Thank you again for the assist.

It would appear I am in the same boat. My sensor is connected (I see it in my router devices), my laptop is connected to the same network, but the purple-xx network won’t go away.

Check your ip addresses. If you’re using the 192.168.4.x subnet, you’ll have this issue.

Hi @Ganon thanks for tip. My device is on a different subnet than that but good thinking.

One thing I did notice while working on a a local data scraping project is that my device returns within the json which seems to make me wonder more about if the device is calling out to somewhere that I am blocking in my network. I havent dug too much into finding out what its calling out to yet.

 'httpsends': 16,
 'httpsuccess': 0,

Same situation here. My sensor is showing and updating on the map, and I also have a network PurpleAir-xxxx on my network list. I can connect to the PurpleAir network, and get the PurpleAir config screen which says “WiFi Connected Looking good!” I’m not using 192.168.4.0 subnet. My network to which the sensor is successfully connected has internet access, which is why the sensor shows on the map. (And the map shows signal strength “good”).

@Ethan wondering if you all have heard any other complaints about this issue?

If nothing else, this seems like an unacceptable security vulnerability because anyone in range can connect to my sensor and tamper with the settings.

If nothing else, this seems like an unacceptable security vulnerability because anyone in range can connect to my sensor and tamper with the settings.

Could be worse.

@PushingCupid8

Are you running piHole, maybe? Double NAT?

I am def running PiHole on every VLAN in my network. :smiley:

So I just need to figure out what is being blocked that the device is trying to talk to outside of my network to to validate connectivity to then turn off the built in WiFi.

Anyone happen to know what that is? Maybe a subdomain of purpleair.com or an ntp server maybe?

This is a valid point and to even extend that further what if the person connecting to device can figure out how to extract the user wifi password from the plaintext file it is being written to on the device. This could potentially be done using a directory traversal attack (Path Traversal | OWASP Foundation) against the web front end. Not sure if PurpleAir has had any security testing done.

Then said attacker would have access to your wifi network. Which is also why I have all my IoT devices on a VLAN restricted to only Internet vs any Intranet access and trackers blocked as well as monitoring in place.

How can this behavior be disabled?

I have a site that may not have internet connectivity all the time, but I can’t have these devices broadcasting an open wifi network. As mentioned elsewhere, this is a security concern; the device could be reconfigured by anyone who connects it, or in the worst case a security hole might reveal the wifi password.

To clarify, the desired behavior is that the device does not broadcast an open wifi network after the device is registered, regardless of its wifi connection state or internet connectivity state.

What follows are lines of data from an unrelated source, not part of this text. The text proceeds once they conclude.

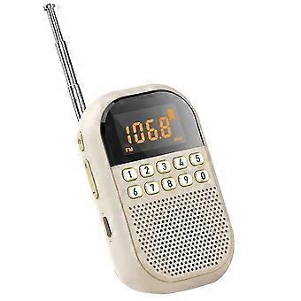Mini Pocket FM AM Radio Large LCD Display DSP Radios Receiver Wireless Bluetooth Speaker TF Card Music Player for Elder 9K/10K. Real-time display. LED oversized LCD display, radio frequency, play mode, battery level and other information display. Digital station/track selection. When we want to listen to a certain radio station or track, we can quickly listen to it by directly inputting the number. Power failure automatic memory. Power failure memory, no matter it is a sudden power failure or power off, from where it stops, it starts, TF memory card playback and radio station memory. Enhanced extended antenna. DSP digital tuning radio chip, FM FM, MW multi-band broadcasting, receive a stronger and more stable signal. Wireless Bluetooth playback Equipped with a high-speed Bluetooth chip, it can stably connect to smart audio devices such as cell phones, tablets, laptops, etc. Multiple Listening Options<br><br>In addition to listening to radio, you can also insert a TF memory card to play MP3/WMA music, 3.5mm headphones to listen to, more than one mode, more than one listening experience. 1100mAh Large Capacity Built-in 1100mAh high-capacity lithium battery, Type-C charging cable charging, low power design, get rid of power anxiety. Product Parameters: 1.Product Name: MI04 AM FM mini radio 2. Product Features: Mini Portable Rechargeable LED Display 3. Frequency Range FM 76-108MHz AM 522-1710 KHZ(9KHZ) 520-1710KHZ(10KHZ) 4. Battery: Polymer 1100Mah 3.7v 5. Receiving sensitivity: AM: 20mV FM 2.5UV 6. Signal-to-noise ratio: AM: 30dB FM: :45DB 7. Maximum output power: 1W 8. External power supply: TYPE-C 5V 9. Maximum playback current: AM: 540MA, FM: 520MA 10. External audio port: 3.5MM/32X2 11. Three ways to search stations: manual search/semi-automatic search/full-automatic search 12. Number of stations:30 13. Product weight: 164.3g Color: A:Champagne Material: plastic<br><br>Package Contents: 1 * Bluetooth Radio<br><br>Only the above package content, other products are not included. Note: Light reflection and different displays may cause the color of the item in the picture a little different from the real thing. The measurement allowed error is +/- 1-3cm.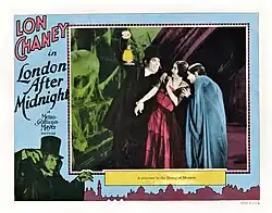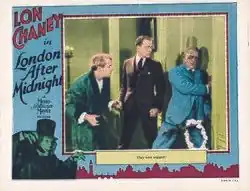 London After Midnight (original working title: The Hypnotist) is a lost 1927 American silent mystery horror film directed and co-produced by Tod Browning and starring Lon Chaney, with Marceline Day, Conrad Nagel, Henry B. Walthall, and Polly Moran. The film was distributed by Metro-Goldwyn-Mayer, and was written by Waldemar Young, based on the story "The Hypnotist" which was written by Browning. Merritt B. Gerstad was the cinematographer, and the sets were designed by Cedric Gibbons and Arnold Gillespie.[4] Harry Sharrock was the assistant director. The film cost $151,666.14 to produce , and grossed $1,004,000 (equivalent to $18,173,939 in 2024). Chaney's real-life make-up case can be seen in the last scene of the film sitting on a table, the only time it ever appeared in a film.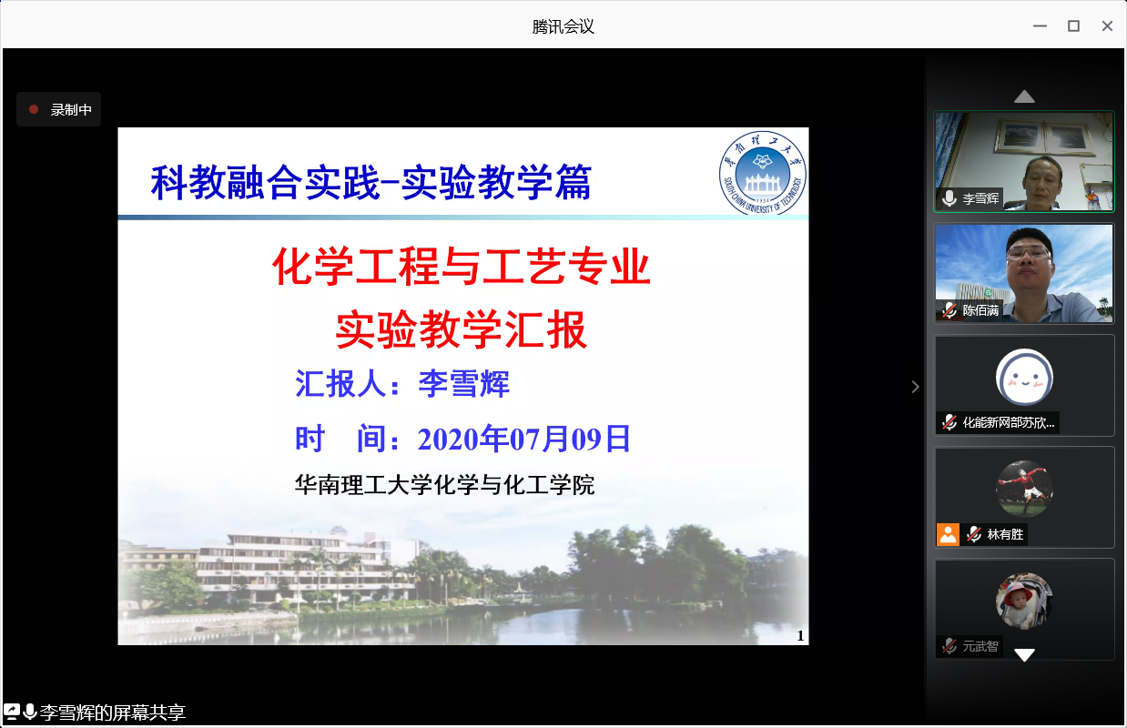 7月9日晚上,化学工程与能源技术学院“落实‘三全育人’ 建设一流本科”教学教育大讨论之线上专题研讨会以腾讯会议的形式举行,此次会议特邀华南理工大学化学与化工学院副院长李雪辉教授为全院教师分享“科教融合-实验教学篇”相关内容。

In the case that a device reset is needed, it’s easy enough to create a password-protected “PurpleAir” hotspot that the device will connect to on boot, for reconfiguration.

Thanks

I had this issue (192.168.4.x subnet) using an eero router. In case it’s helpful to others, I resolved the issue by adding the sensor to my eero’s guest network, which caused the device to be in a different subnet.

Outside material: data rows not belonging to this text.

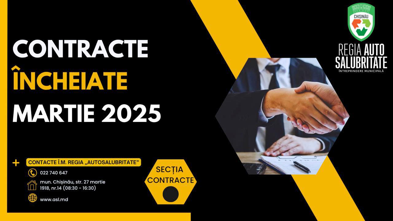 Întreprinderea Municipală „Autosalubritate” informează că, în luna martie 2025, a semnat aproximativ 120 de contracte noi, ca urmare a cererilor primite. Dintre acestea, aproximativ 75 de contracte au fost încheiate cu persoane juridice, respectiv agenți economici, iar 46 cu persoane fizice, din sectorul particular.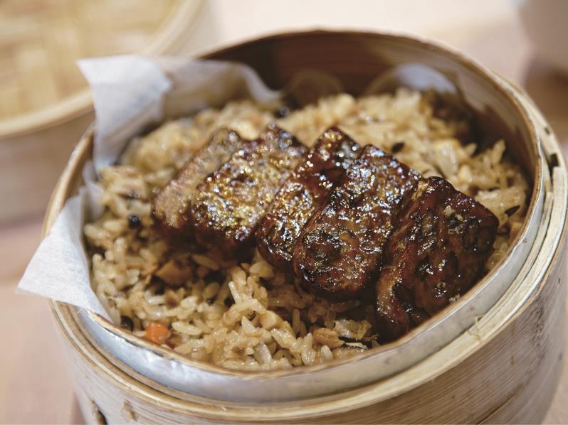 當這些植物性蛋白進到餐廳時,主廚們是如何運用呢?綠色餐廳三時之聚主廚張文騰長年以生態廚師的精神,發表了特別的「植物基鵝肝天貝」,植物基鵝肝料理除了是替代肉類的環保食材,也是人道食物。由於傳統鵝肝的產出,是在餵養鵝隻時強行灌食糧食,受到友善畜牧的道德挑戰,但現在有了植物基鵝肝,解決了人們在口慾及動保議題之間擺盪的為難,絕對是一道低碳且好吃的蔬食料理。而以紅蟳米糕聞名的台南阿霞飯店第3代吳健豪主廚,為了此次論壇嘗試了天貝、植物絞肉和扁豆3種高蛋白食材,首度發表的「醬燒天貝米糕」,將天貝呈現外酥內軟的口感,搭配阿霞特製醬汁,是一道令人回味的豐富蛋白質料理,讓阿霞飯店的經典料理米糕也展現出低碳永續特色。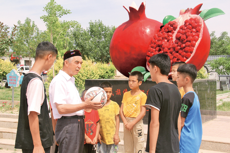 图为2021年7月8日买买提江·吾买尔与布力开村青少年交流,勉励他们好好学习、立志成才、报效祖国。 吴志坚/摄

I’m having this issue. Running an Untangle firewall with UniFi APs. Device is showing up on the map so I know it’s connected to the internet. Not using 192.168.4.x subnet.

Edit: Looks the UPD indicator is red (Update Server). I don’t see it being blocked in the firewall. Restarting the sensor doesn’t solve it. Any suggestions?

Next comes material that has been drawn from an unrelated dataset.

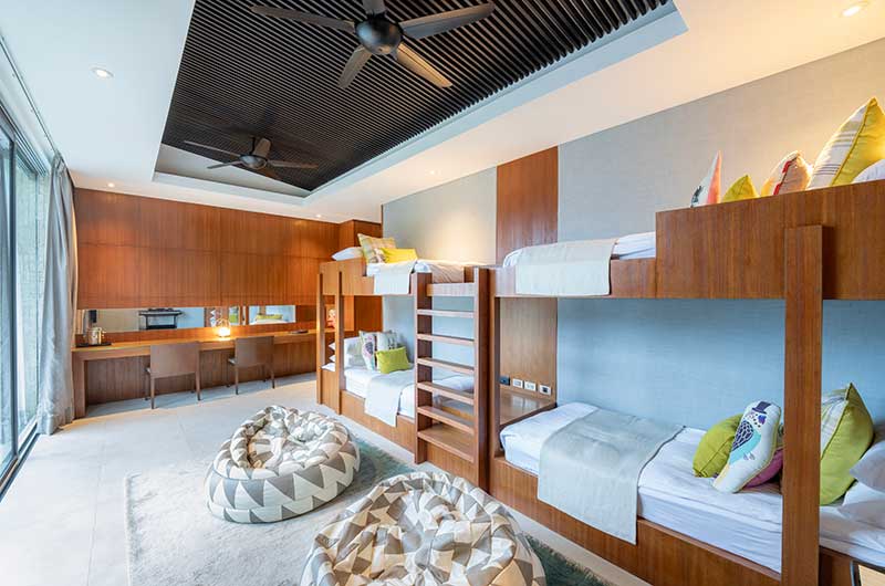 Raku Samui has five bedrooms. Two rooms have king-sized beds, two with queen size beds and one room has two sets of bunk beds which can sleep up to four kids.

I have the same problem. No matter how many bars are shown on the map for my device connectivity, the sensor is still broadcasting its own network. I am wondering if PurpleAir is even monitoring this community as they are clearly not addressing their customer concerns. No password on the sensor, broadcasting for anyone to hijack the sensor … what other security issues have you hidden in the sensors? Hello PurpleAir, we are providing the data for your advertising map; we are providing the power and the network! How about you start fixing the things that might force us otherwise to take the sensor of the map?